**DESCRIPTION OF THE TASK:**
Transcribe the listing below verbatim, omitting pictures.

**INPUT DATA:**
════════

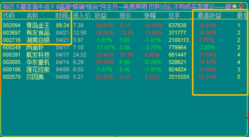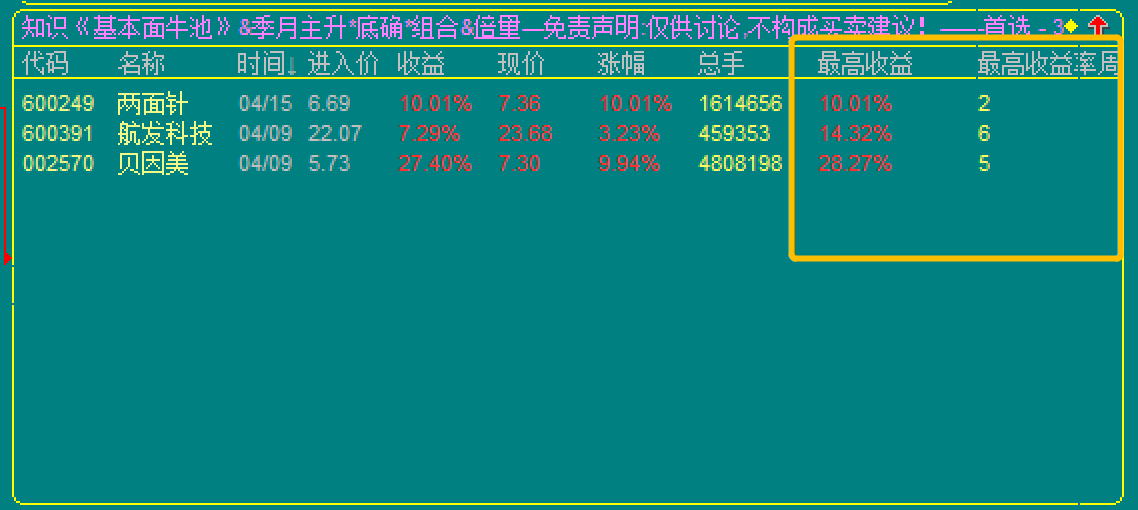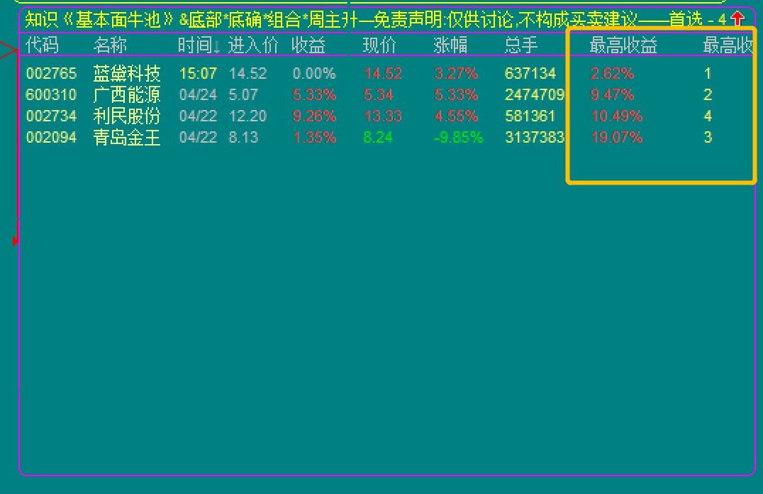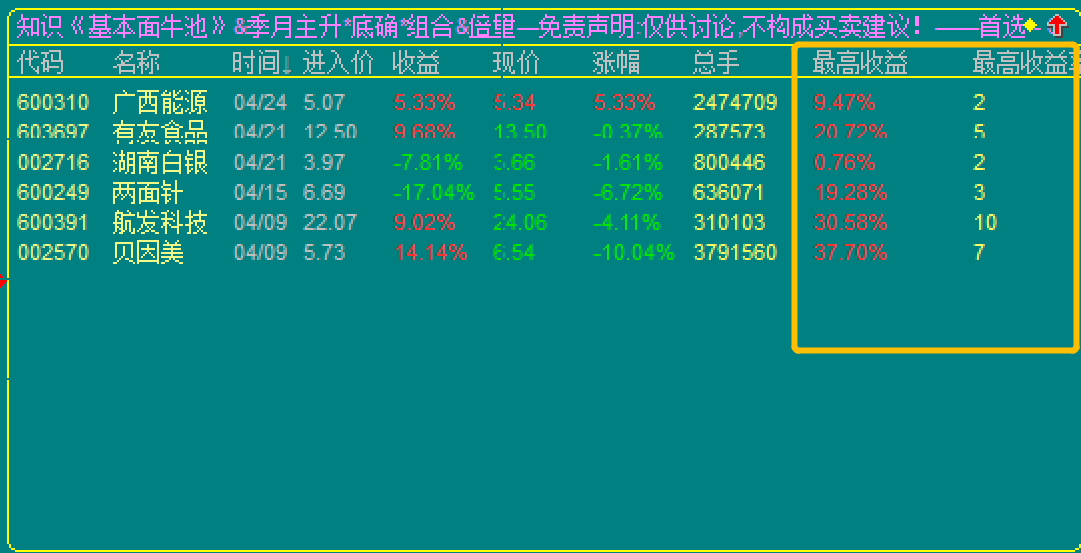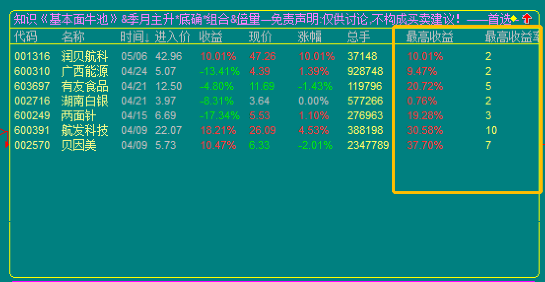 根据如下结果池截图(每日更新),选出时间+选出价格+最高收益率,可以明显看出成功率!
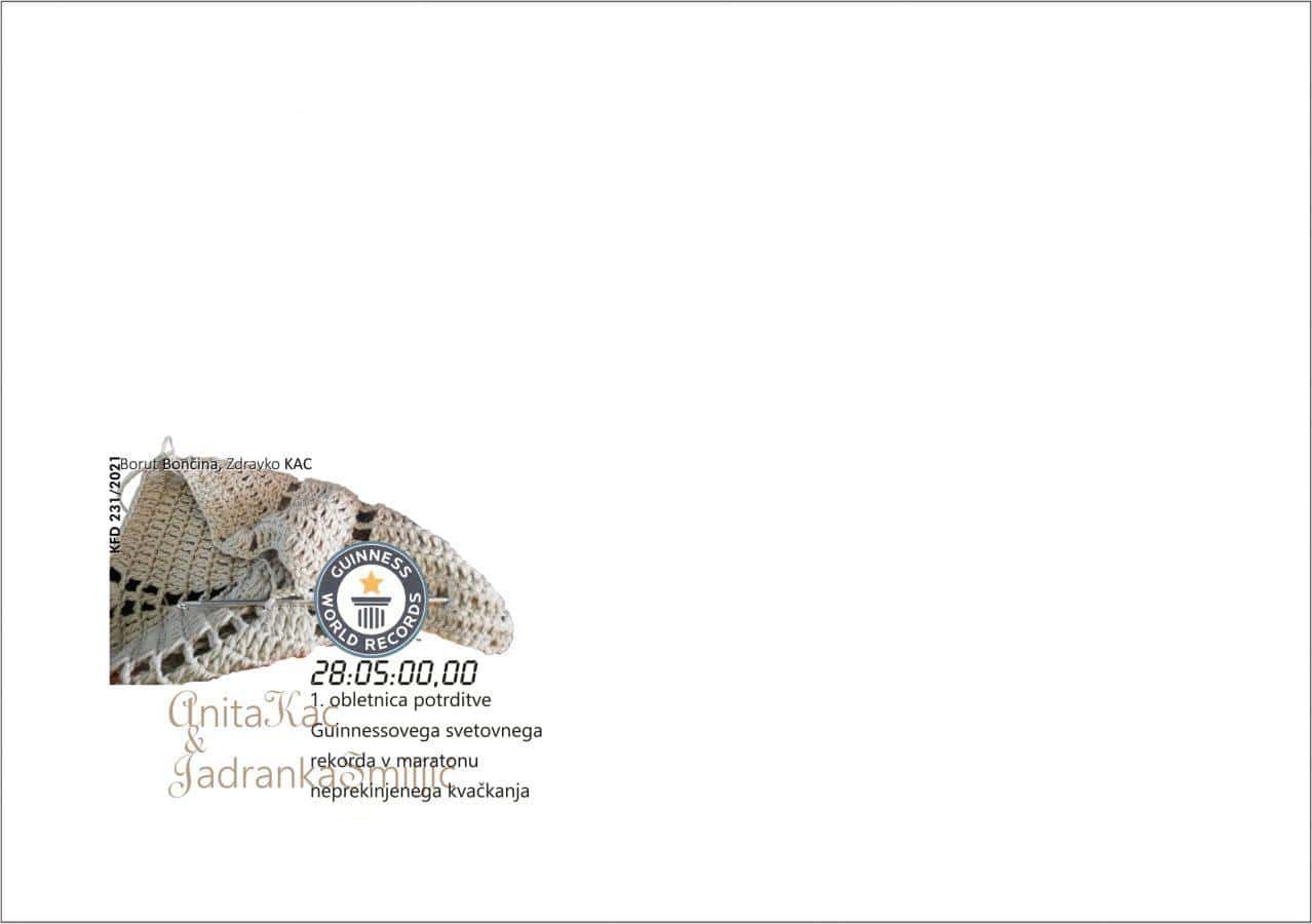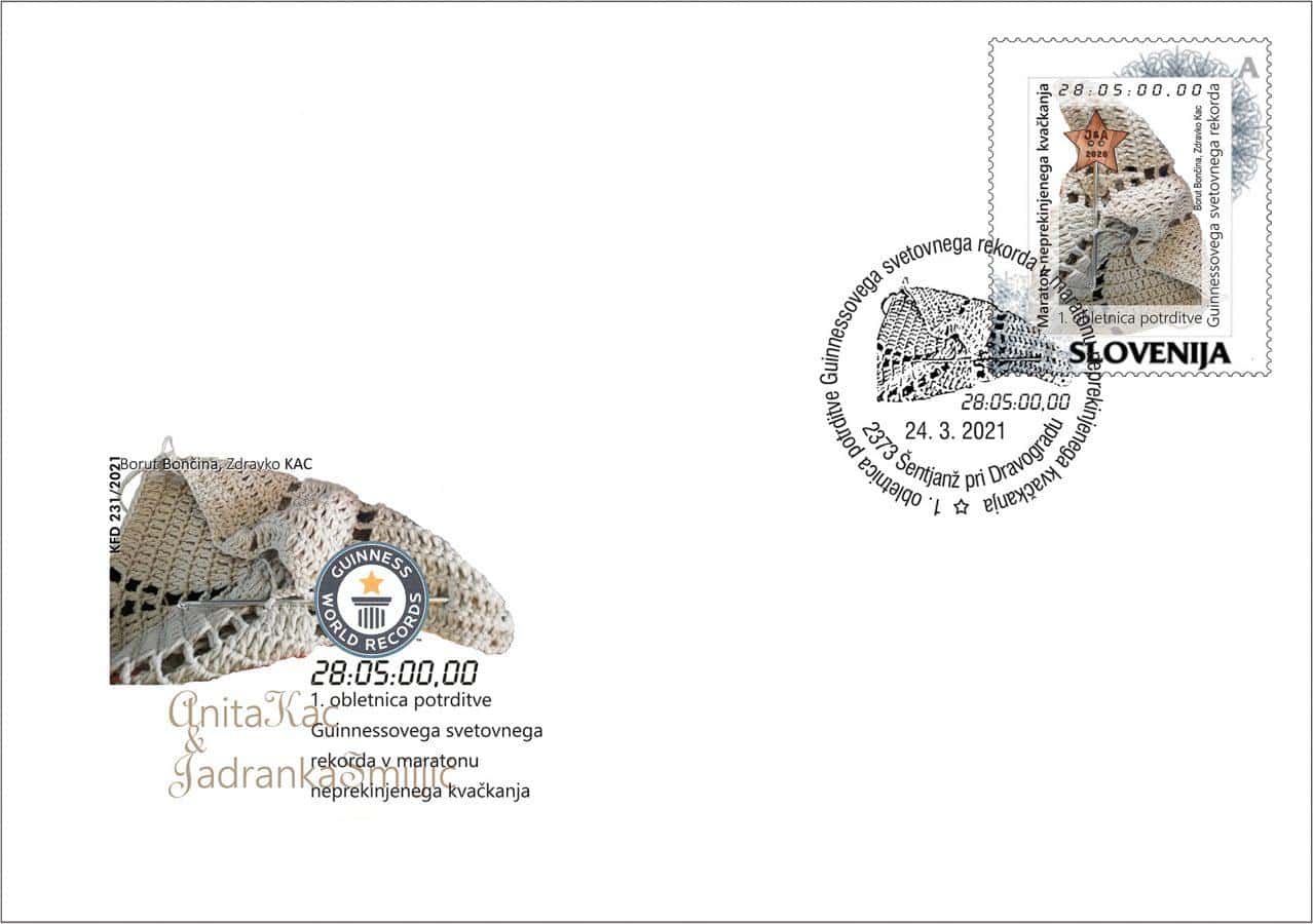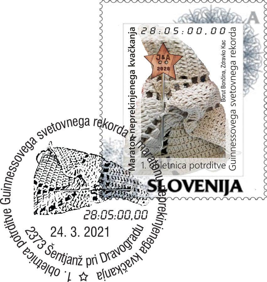 Borut Bončina, Peter Močnik in Jože Keber so v sodelovanju s Koroškim filatelističnim društvom in ob podpori Zdravka Kaca in skupine J&A2020 v počastitev 1. obletnice potrditve Guinnessovega svetovnega rekorda v maratonu neprekinjenega kvačkanja, pripravili priložnostni poštni žig, poštno ovojnico in osebno poštno znamko, ki bodo v sredo, 24. marca 2021 v uporabo na pošti 2373 Šentjanž pri Dravogradu. V prostorih pošte bodo pripravili tudi filatelistično razstavo.
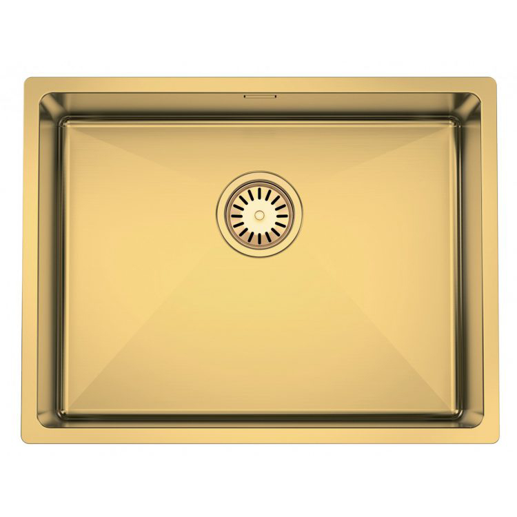 Flott og helt enkel stålvask. Hjørnene er lett avrundede, for å gjøre vasken rengjøringsvennlig. Stålvasken er behandlet med en film av keramisk nitrid, som kalles PVD. I tillegg til den flotte fargen, gir PVD også stålvasken en holdbar og motstandsdyktig overflate.
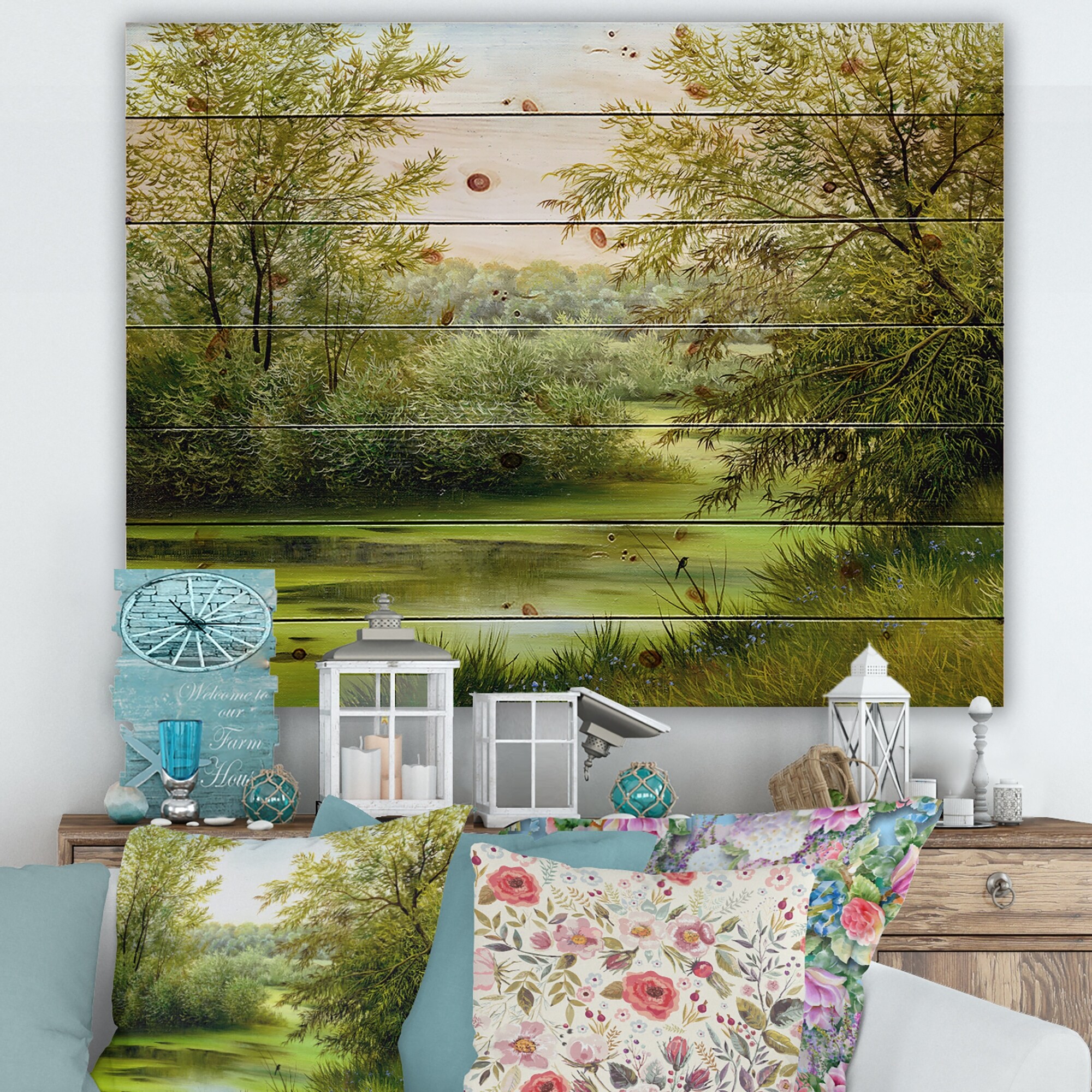 Designart 'Green Pond With Spring Trees' Country Print on Natural Pine Wood

════════

**EXERCISE RESULT:**
 根据如下结果池截图(每日更新),选出时间+选出价格+最高收益率,可以明显看出成功率!
 Borut Bončina, Peter Močnik in Jože Keber so v sodelovanju s Koroškim filatelističnim društvom in ob podpori Zdravka Kaca in skupine J&A2020 v počastitev 1. obletnice potrditve Guinnessovega svetovnega rekorda v maratonu neprekinjenega kvačkanja, pripravili priložnostni poštni žig, poštno ovojnico in osebno poštno znamko, ki bodo v sredo, 24. marca 2021 v uporabo na pošti 2373 Šentjanž pri Dravogradu. V prostorih pošte bodo pripravili tudi filatelistično razstavo.
 Flott og helt enkel stålvask. Hjørnene er lett avrundede, for å gjøre vasken rengjøringsvennlig. Stålvasken er behandlet med en film av keramisk nitrid, som kalles PVD. I tillegg til den flotte fargen, gir PVD også stålvasken en holdbar og motstandsdyktig overflate.
 Designart 'Green Pond With Spring Trees' Country Print on Natural Pine Wood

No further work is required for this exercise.